Data provided Start Marker
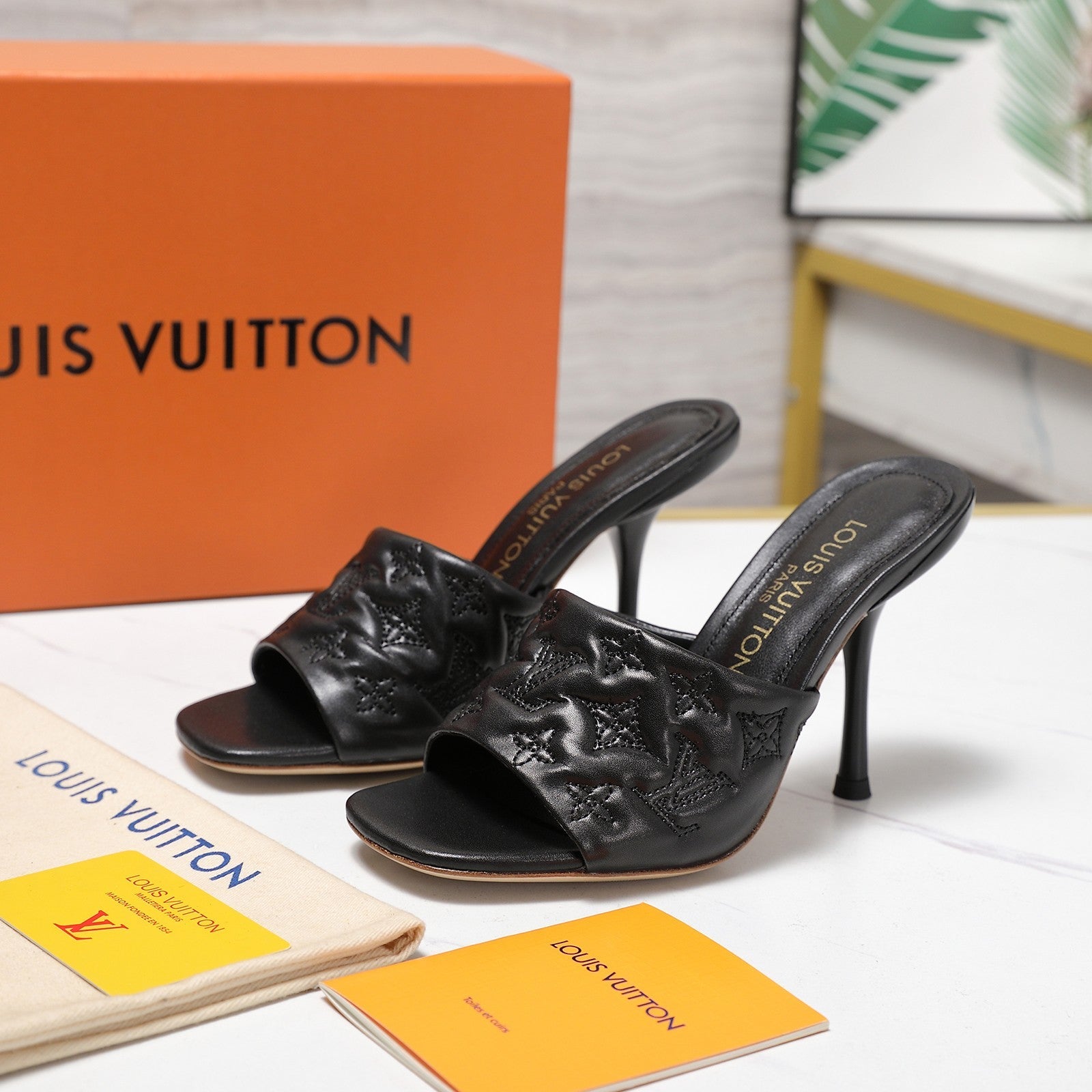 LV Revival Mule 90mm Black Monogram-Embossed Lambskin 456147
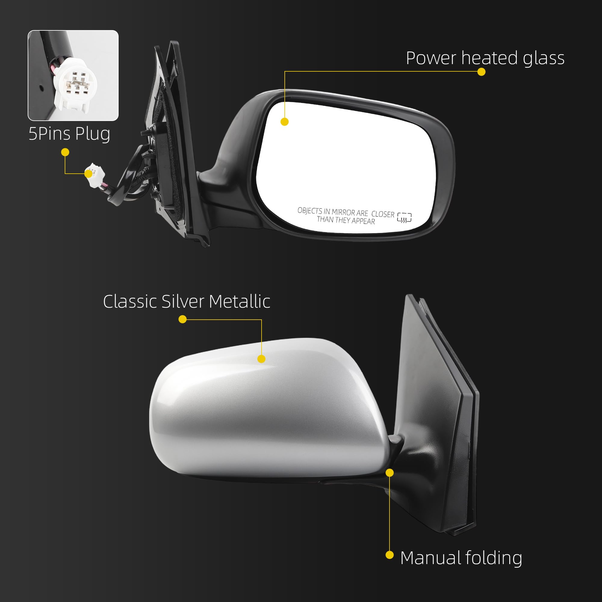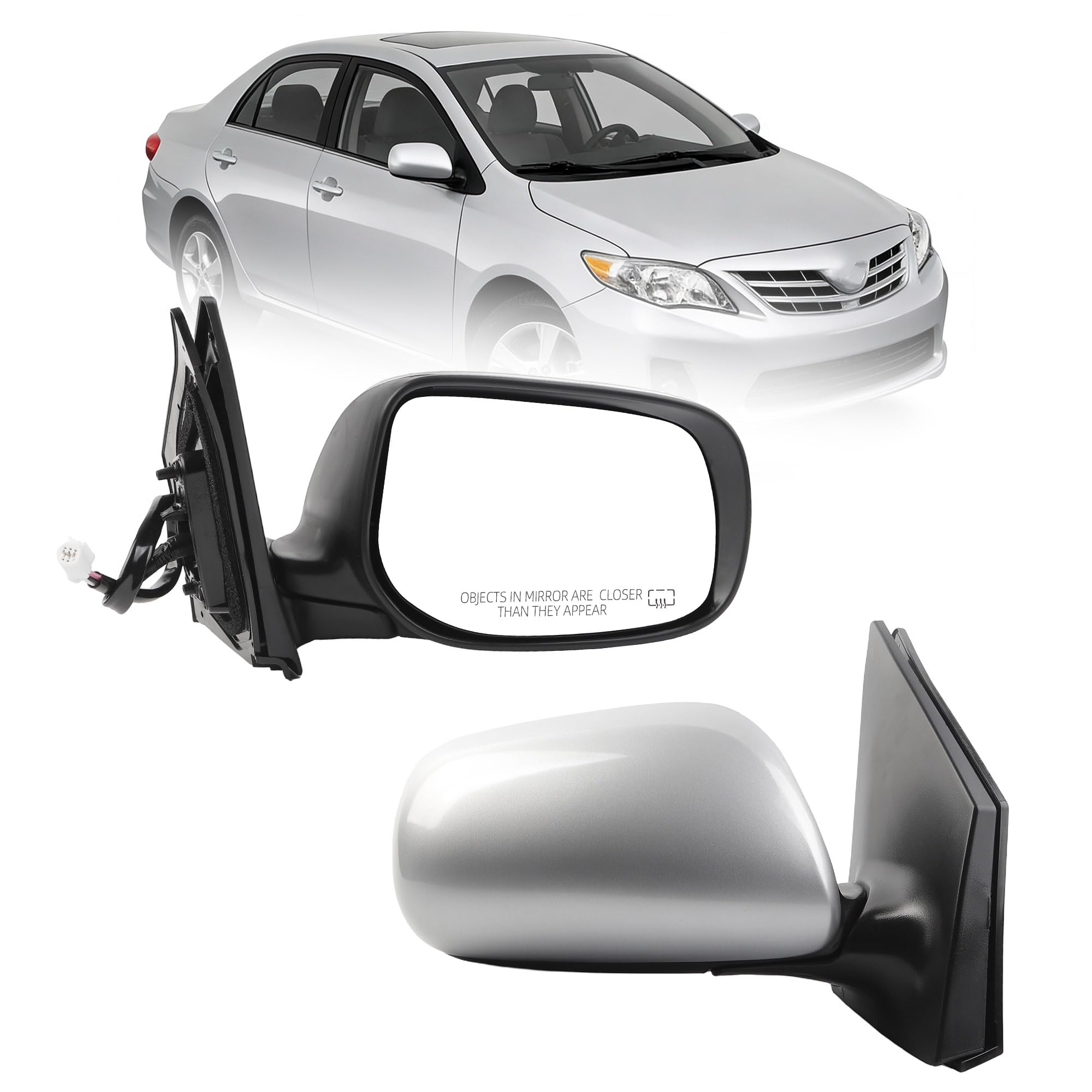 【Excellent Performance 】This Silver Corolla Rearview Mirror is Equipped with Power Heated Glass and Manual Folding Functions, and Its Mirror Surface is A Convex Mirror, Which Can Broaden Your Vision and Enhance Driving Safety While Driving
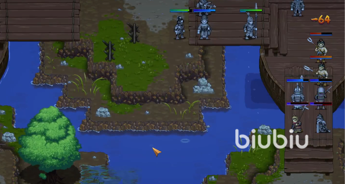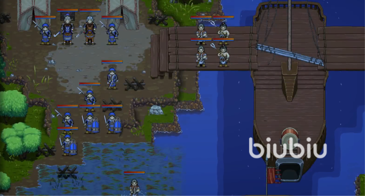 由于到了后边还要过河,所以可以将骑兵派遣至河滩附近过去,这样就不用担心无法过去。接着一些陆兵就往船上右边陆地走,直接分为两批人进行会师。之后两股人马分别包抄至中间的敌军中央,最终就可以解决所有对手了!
Data provided End Marker
Work to be completed: Everything from the line that contains "Safety While Driving" to the final line of the data is to be duplicated exactly, both ends included, except the pictures.

The completed task:
 【Excellent Performance 】This Silver Corolla Rearview Mirror is Equipped with Power Heated Glass and Manual Folding Functions, and Its Mirror Surface is A Convex Mirror, Which Can Broaden Your Vision and Enhance Driving Safety While Driving
 由于到了后边还要过河,所以可以将骑兵派遣至河滩附近过去,这样就不用担心无法过去。接着一些陆兵就往船上右边陆地走,直接分为两批人进行会师。之后两股人马分别包抄至中间的敌军中央,最终就可以解决所有对手了!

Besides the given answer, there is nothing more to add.